## PROVIDED MATERIAL
□ □ □ □

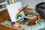 Female kid painting a rainbow at home - Education, art and creativity for children concept - Main focus on right hand
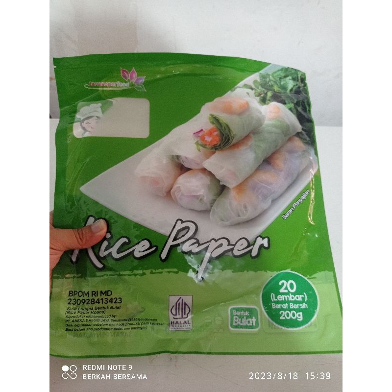 Rice paper HALAL dari Javasuperfood, adalah sejenis kulit lumpia yang Dibuat dari tepung beras. Rice paper digunakan setelah dicelupkan/diolesi dengan air matang hingga lembek. Rice paper dapat dibuat menjadi spring roll dengan isian sayuran segar, ayam, udang, ikan, atau daging. Atau bisa juga dibuat menjadi spring roll dengan isian manis, seperti buah segar, kacang-kacangan, dengan saus selai buah, madu, atau yoghurt.
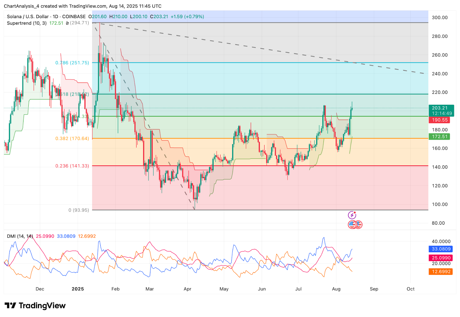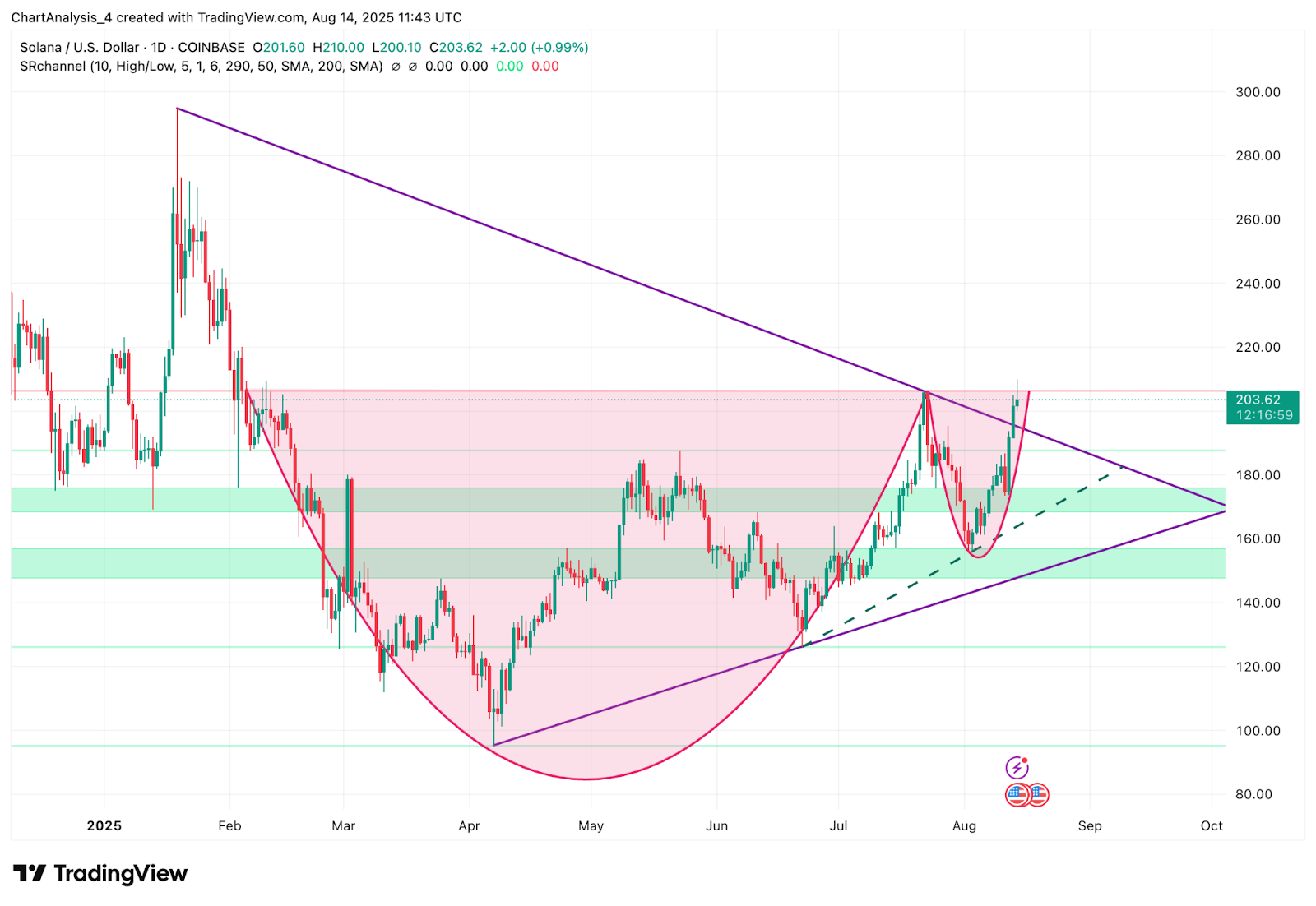 Акции Solana продолжили свой бычий прорыв, в результате чего цена сегодня поднялась до $203,34 после непродолжительного тестирования $210. Это движение произошло после сильного отскока от зоны спроса $140–$150 и подтверждённого пробоя крупной фигуры «Чашка с ручкой» на дневном графике. Трейдеры следят за уровнем $218 как за следующим важным уровнем сопротивления.

□ □ □ □

## WHAT TO WORK ON
An exact reproduction of the data is needed, with no pictures included.

## SOLUTION
 Female kid painting a rainbow at home - Education, art and creativity for children concept - Main focus on right hand
 Rice paper HALAL dari Javasuperfood, adalah sejenis kulit lumpia yang Dibuat dari tepung beras. Rice paper digunakan setelah dicelupkan/diolesi dengan air matang hingga lembek. Rice paper dapat dibuat menjadi spring roll dengan isian sayuran segar, ayam, udang, ikan, atau daging. Atau bisa juga dibuat menjadi spring roll dengan isian manis, seperti buah segar, kacang-kacangan, dengan saus selai buah, madu, atau yoghurt.
 Акции Solana продолжили свой бычий прорыв, в результате чего цена сегодня поднялась до $203,34 после непродолжительного тестирования $210. Это движение произошло после сильного отскока от зоны спроса $140–$150 и подтверждённого пробоя крупной фигуры «Чашка с ручкой» на дневном графике. Трейдеры следят за уровнем $218 как за следующим важным уровнем сопротивления.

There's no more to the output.